RISKS AND UNCERTAINTIES
The Company is subject to a number of risks which may impair the Company’s business operations and its operating results and as a result could materially impact its business, results of operations, prospects and financial conditions. A detailed description of the risk factors associated with the Company and its business is contained in the Company’s 2020 AIF and MD&A for the fifty-two weeks ended January 30, 2021, which are available on the Company’s profile on SEDAR at www.sedar.com.
OUTLOOK
The COVID-19 pandemic has generated both opportunities and challenges for organizations globally, including the Company. In Q2 2021, under continuing COVID-19 restrictions, the Company has been able to continue operating in all of its business lines with minimal disruption. With respect to its retail operations, the Company was able to quickly adapt its business model in ways that protect public health and adopt new methods of servicing its customers such as Spark Fastlane™, online payment, and where permissible under applicable regulations, curbside pick-up and Spark Rapid Delivery services in certain jurisdictions prior to the pandemic.
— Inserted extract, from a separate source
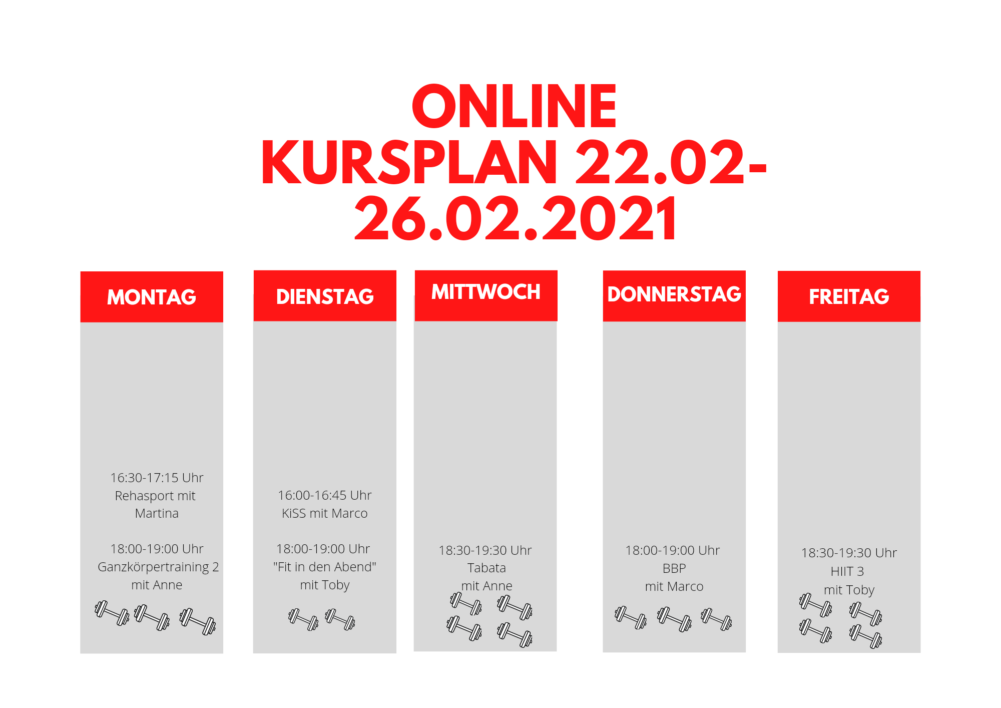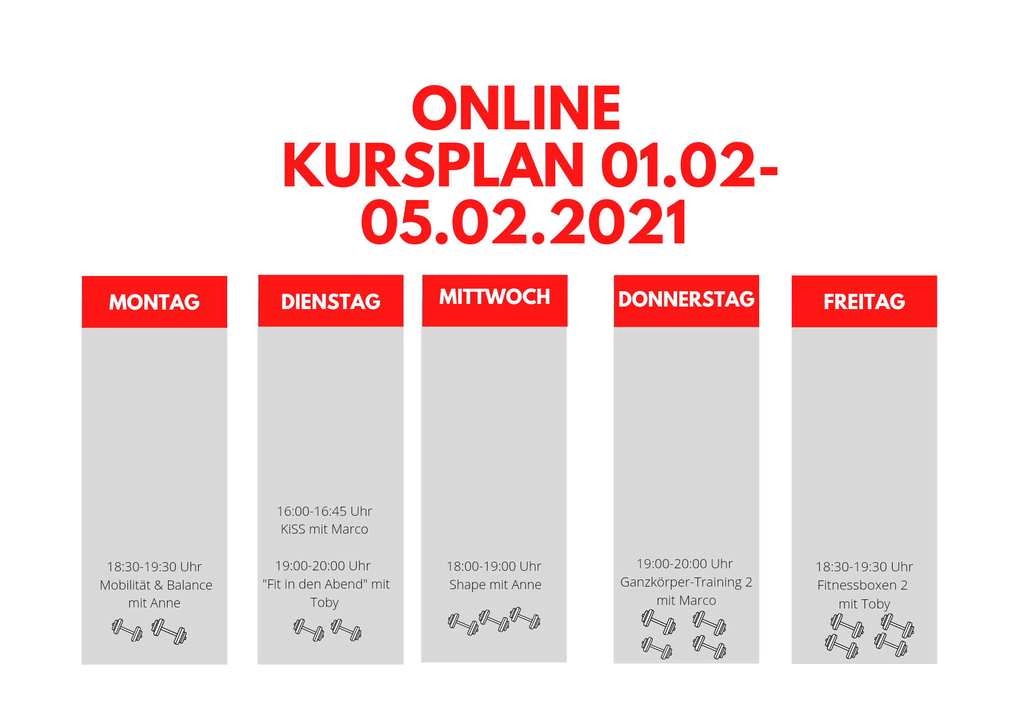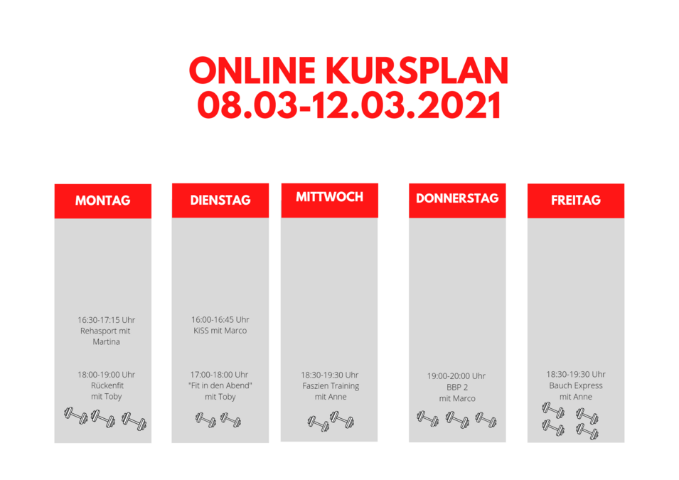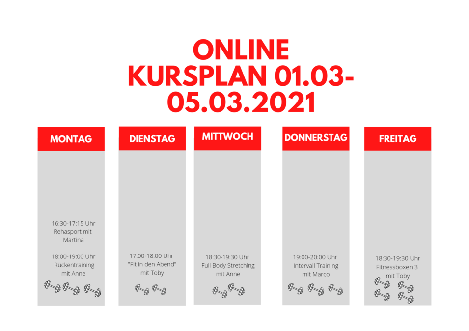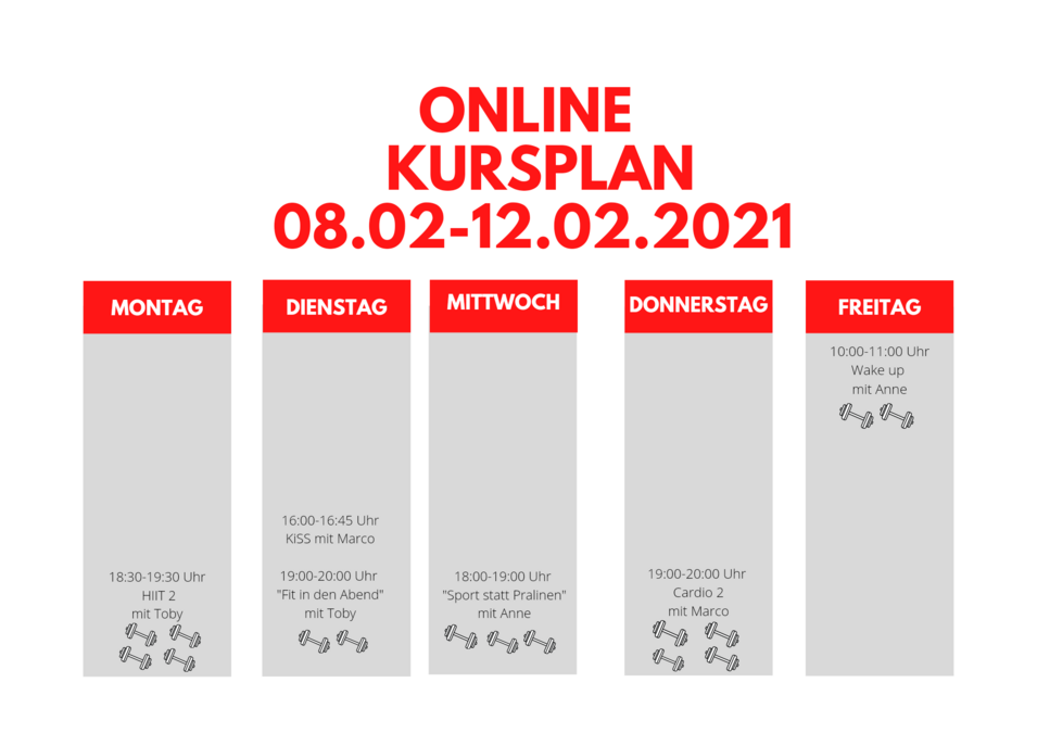 In der Grafik findet ihr den aktuellen Kursplan für diese Woche: Klickt Euch rein und trainiert den Weihnachtsspeck weg!

This is a very positive step in the Company’s ability to compete with the incumbent illegal, unregulated market which poses an additional threat to public health during this pandemic.
As a result, of these actions, the Company to date has more than 310,000 Spark Perks™ members. The Spark Perks™ program collects data on consumer purchase behaviors to help the Company better understand the preferences of its customers and is also a robust, Cannabis Act compliant marketing platform which drives customer engagement and offers a tailored experience. This proprietary Retail 2.0 platform provides Fire & Flower’s customers with a convenient, personalized & curated shopping experience, whether online or in- store and has been proven as having the ability to rapidly adapt to changing economic, social and regulatory conditions as customer service models evolve. Leveraging powerful predictive analytics, Fire & Flower and our suppliers can ensure the right products are in the right location to meet customer demand and thereby drive sales and profitability for the Company.
The Company’s Open Fields distribution and wholesale operations continues to be a high performer and sets the Province of Saskatchewan as a testing-ground for private wholesaling and distribution. As the Province continues to open up the cannabis retail market, additional revenue opportunities through sales to external accounts are created, and Open Fields is poised to benefit. Additionally, the Company sees greater margins in the province of Saskatchewan as it is able to capture both wholesale and retail margins.
The Hifyre™ Digital Retail and Analytics Platform prepared the Company to rapidly deploy innovative business solutions before and during the current public health crisis. Hifyre also generates external revenue, and beyond the incumbent licensed producer customers, other customers include marketing, finance and market research groups seeking usable data and analysis. Additionally, the Hifyre™ Digital Retail and Analytics Platform is a white-label Software-as-a-service (SaaS) retail platform that is licensed to regulated cannabis retailers in emerging international markets. Through strategic software alliances the Hifyre™ Digital Retail and Analytics Platform provides a data-driven, shop-in-a-box rollout for retailers.